La sinistra del XXI secolo deve puntare a combattere la centralità del lavoro nella vita contemporanea: fondamentalmente, la scelta è tra la celebrazione del lavoro e della classe operaia, e l’abolizione di entrambi. La prima posizione trova la sua principale espressione nella tendenza, tipicamente folk politics, a dare valore al lavoro manuale e artigianale. La seconda è la sola e autentica alternativa postcapitalista: il lavoro deve essere rifiutato e ridotto per permettere lo sviluppo della nostra libertà sintetica. Quindi, nel medio e lungo periodo, è necessario conseguire quattro obiettivi essenziali:

 

  • PIENA AUTOMAZIONE. Le macchine produrranno tutti i beni e i servizi necessari alla società, liberando da questo peso gli esseri umani. Tendenza già in atto, si tratta quindi di promuoverne l’accelerazione e contrastare la tendenza a scarsi investimenti privati: perché comprare nuovi macchinari quando dei lavoratori sottopagati possono svolgere gli stessi incarichi con meno spesa? Si tratta quindi di richiedere maggiori investimenti statali anche sulla ricerca all’innovazione non solo per accrescere le capacità dei lavoratori ma per la loro sostituzione. Sarà necessario tener conto del fatto che il capitalismo pretende comunque il profitto e preferirà il lavoro umano se questo è più economico rispetto a nuovi investimenti. Dovrà quindi essere previsto l’aumento di salari minimi ed incentivi per la sostituzione dei lavoratori umani. La piena automazione dovrebbe anche essere perseguita per quello che riguarda i cosiddetti lavori domestici. La piena automazione è quindi una rivendicazione che mira a ridurre il più possibile la quantità di lavoro umano necessaria.

 

  • RIDUZIONE DELLA SETTIMANA LAVORATIVA. Diversi sondaggi registrano come la maggioranza dei lavoratori sia favorevole ad una settimana lavorativa più corta.
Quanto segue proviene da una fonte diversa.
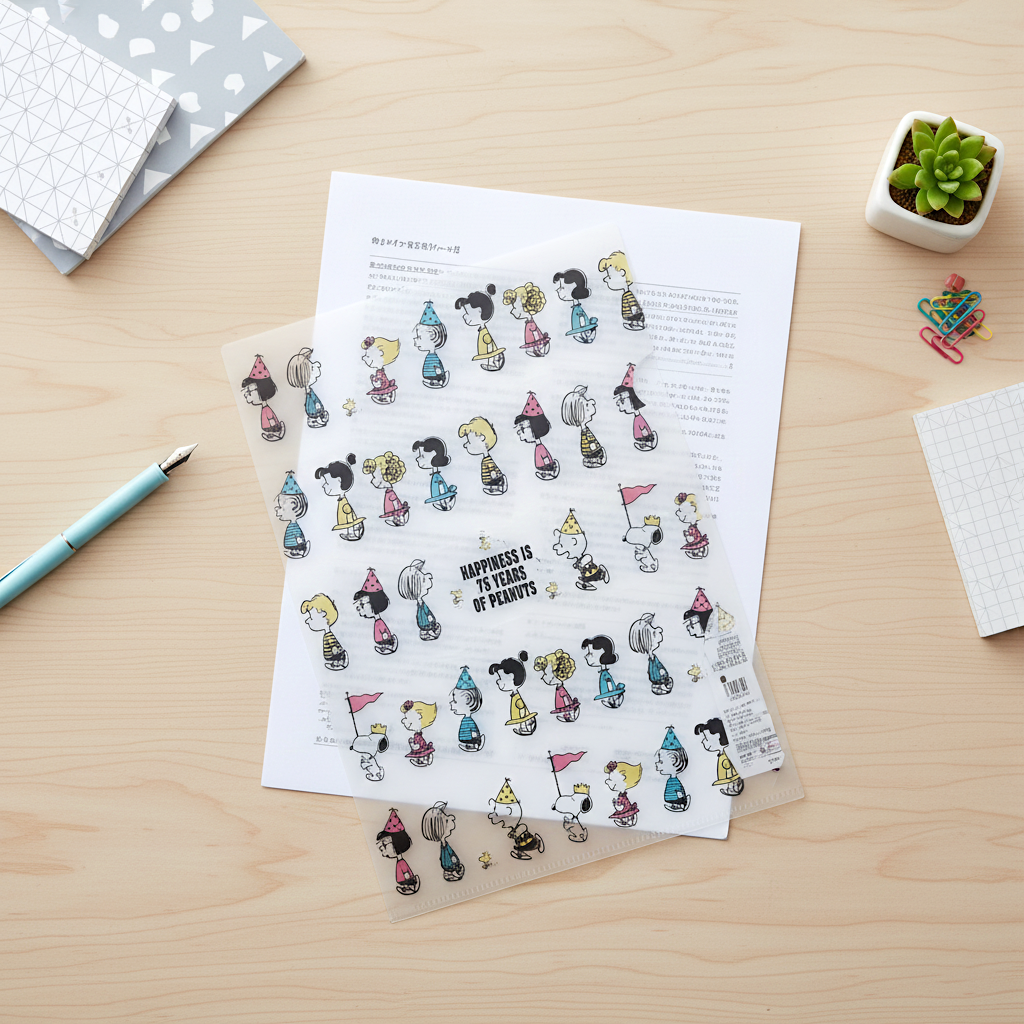 Keep your documents safe and organized with the joyous Peanuts Snoopy A5 Folder - Happy March Limited 75th Anniversary Edition! This collectible single-pocket folder features the entire Peanuts gang—including Charlie Brown, Lucy, Linus, and Snoopy—marching happily in colorful rows, celebrating the 75th milestone. The center proudly proclaims: "Happiness is 75 Years of Peanuts!" Made from durable, waterproof PVC, this A4 folder is perfect for protecting important papers in your backpack or desk while showcasing a cheerful piece of Peanuts history.
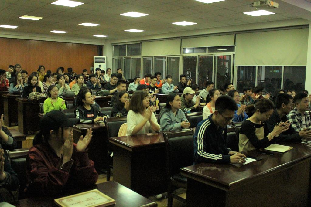 “天籁合唱团”指挥高煜婷、学生代表法正阳与大家共同分享了自己五十余天合唱训练的感受与体会。最后,张显全宣读了“2017-2018学年学生文体活动先进个人表彰名单”,对校第十一届“五四”合唱比赛中的先进个人进行了表彰。他对同学们用拼搏与努力换来的成绩表示祝贺和肯定,并希望受到表彰的先进个人要不骄不躁,再接再厉,立足自身,鼓足干劲,以更高的标准严格要求自己,切实发挥模范带头作用,在今后的学习和工作中取得更好的成绩。用青春的热血和激情,谱写学院文体活动新的绚丽篇章。为学院各项工作再上新台阶,促进学院更好更快发展做出新的更大的贡献。

Questa può quindi essere una rivendicazione che, tra le altre cose, potrebbe dare più forza alle organizzazioni della sinistra.

 

  • REDDITO BASE UNIVERSALE. Deve essere tale da permettere la sopravvivenza; deve essere disponibile a tutti e supplementare al welfare. Quali ostacoli si frappongono all’istituzione di un reddito base? Il problema di trovare i fondi per finanziare una simile misura sembra insormontabile: servirebbe tagliare quei programmi alternativi che un reddito base renderebbe ridondanti, aumentare la tassazione sui ricchi, e poi imposte di successione, tasse sul consumo, carbon tax, taglio della spesa militare, taglio dei sussidi all’industria e all’agricoltura, e una stretta sull’evasione fiscale.

 

  • RIFIUTO DELL’ETICA DEL LAVORO. Uno dei problemi più grandi per la costruzione di una società post-lavoro, è quello di superare la pressione sociale che porta a interiorizzare l’etica del lavoro. Lasciarsi alle spalle l’etica del lavoro sarà dunque un obiettivo ineludibile per qualsiasi futuro tentativo di costruire un mondo post-lavoro. Per quanto degradante, sottopagato o scomodo esso sia, il lavoro viene comunque considerato come un bene in sé. Il fatto che tante persone non riescano neppure a immaginare una vita che abbia significato al di fuori del proprio impiego dimostra quanto in profondità l’etica del lavoro abbia plasmato la nostra psiche

 

Concludendo (si fa per dire) il nostro “futuro senza lavoro” ha buone possibilità di essere considerato una protopia: non è assolutista anzi prevede una gradualità nell’attuazione e, portando avanti uno studio accurato, ha anche buone possibilità’ di non andare contro i principi precauzionali. Si tratta in sostanza di costruire un mondo nuovo ed è quindi possibile sorgano nuovi problemi.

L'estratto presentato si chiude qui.